'White space' could expand Internet access

Wichita,KS (11-08-2008)

From The Wichita Eagle

A federal decision to allow Internet providers to use the space between television channels could help roll out wireless broadband to rural areas of Kansas -- and provide "Wi-Fi on steroids" in cities -- within the next couple of years.

Or, critics of the decision say, it could interfere with broadcast television signals in a time of widespread confusion as the nation switches to digital TV.

At issue is the so-called "white space" in the television broadcast spectrum -- mostly unused wavelengths that lie between the channel numbers.

The Federal Communications Commission decided this week to open the white space, at the urging of a coalition of companies led by Microsoft and Google.

The companies say it could help bring high-speed Internet service to rural America and provide much bigger and faster Wi-Fi "hot spots" in urban settings.

The new frequencies could serve smart phones, digital music and video players, laptop computers and even yet-to-be-invented devices such as "smart house" controllers, supporters say.

The FCC said its order will "allow for the use of these new and innovative types of unlicensed devices in the unused spectrum, to provide broadband data and other services for consumers and businesses."

The University of Kansas Information and Telecommunication Technology Center performed some of the research to determine whether data services could be sandwiched between TV channels without harming the TV picture.

The center's 2007 research report said that probably won't be much of a problem.
Broadcast television signals will be much more powerful than the data signals.

Plus, the new devices are designed to scan through frequencies and use only the empty space, said Dan DePardo, a KU research engineer who worked on the project.

Because they run on high frequencies, current Wi-Fi networks operate at short range and don't do well through walls and other obstacles, DePardo said.

The big advantage of using the TV band is that it operates at lower frequencies. That could allow for indoor-outdoor Wi-Fi coverage over a broad geographic area, DePardo said.

He said that could be a godsend for places such as western Kansas, where towns are small and widely separated and it's not economical to provide traditional landline broadband service.

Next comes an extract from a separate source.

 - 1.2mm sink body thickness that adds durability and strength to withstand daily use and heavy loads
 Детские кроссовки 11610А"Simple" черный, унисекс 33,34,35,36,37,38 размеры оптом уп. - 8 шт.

"There's a lot of white space out there" in rural Kansas, he said. "There's a low population density and a low number of television stations."

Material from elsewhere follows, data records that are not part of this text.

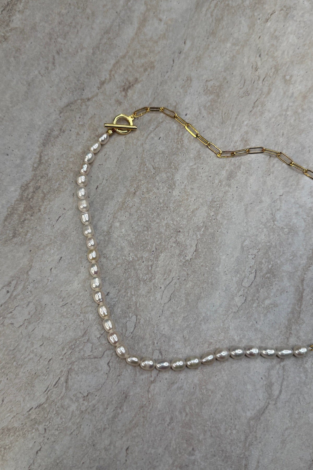 Ketting van Molly&My Jewellery met parels aan de ene helft en een goudkleurige ketting met langwerpige schakels aan de andere helft.
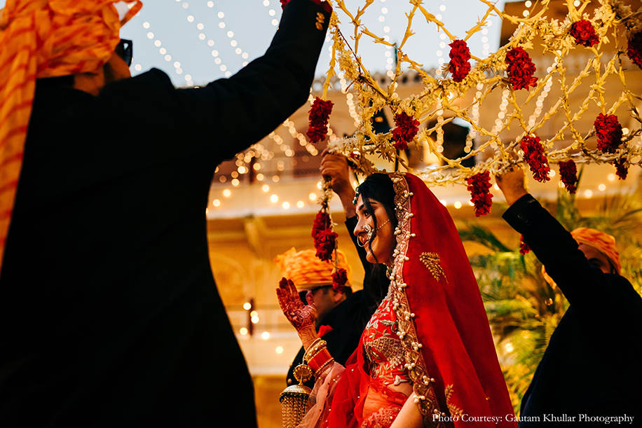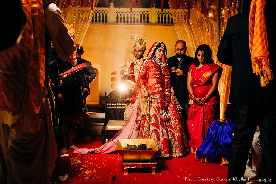 Aarushi and Sangram, college lovers, after smooth sailing in a long-distance relationship decided to enter the nuptials with a beautiful palatial wedding in Jaipur. The team of WeddingSutra Favourite – Gautam Khullar Photography with their intuitive lens beautifully captured their pictures against the striking backdrops, of this larger than life wedding.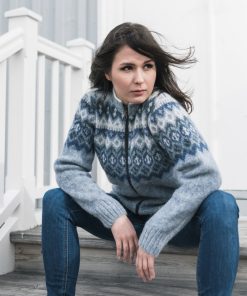 Blaue Strickjacke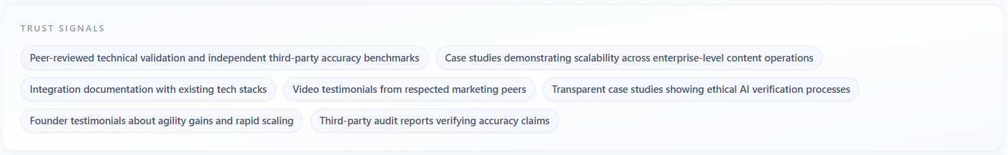 - Empty or generic signals suggest the model did not find strong trust hooks—strengthen proof points manually.

Now that the FCC has approved, people could start seeing white-space access devices on the market in the next two years or sooner, DePardo said.

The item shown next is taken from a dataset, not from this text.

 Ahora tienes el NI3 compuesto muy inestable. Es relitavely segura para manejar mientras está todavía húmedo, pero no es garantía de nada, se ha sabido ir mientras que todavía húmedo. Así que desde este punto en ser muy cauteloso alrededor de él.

Microsoft chairman Bill Gates and Google founders Sergey Brin and Larry Page lobbied FCC commissioners on the airwave issue, saying it could unleash a wave of innovation in wireless technology.

Consumer groups have weighed in as well, saying white-space devices could provide needed competition to telecommunications giants such as AT&T and Verizon.

But a wide and varied group of critics, including broadcast executives, Broadway producers, the Walt Disney Co. and even country-and-western legend Dolly Parton warn that the use of white-space devices could interfere with broadcast channels and wireless microphones used for sermons, university lectures and live performances.

Kent Cornish, executive director of the Kansas Association of Broadcasters, said the FCC rushed to judgment on white space by giving broadcasters less than a month to evaluate a 400-page feasibility report.

"I understand these devices are going to... take Microsoft and Google to the next generation of Wi-Fi," Cornish said.

But "what's the rush?" he asked, noting that the switchover to all-digital broadcasting will take place Feb. 17.

While the FCC has made clear that it won't tolerate television interference from the new devices, "Would you even begin to take the chance that something will happen when people are going to be confused (by the digital switchover) anyway?" he said.

Devices to tap into white space will have to be thoroughly tested before they can be marketed, the FCC said in its statement.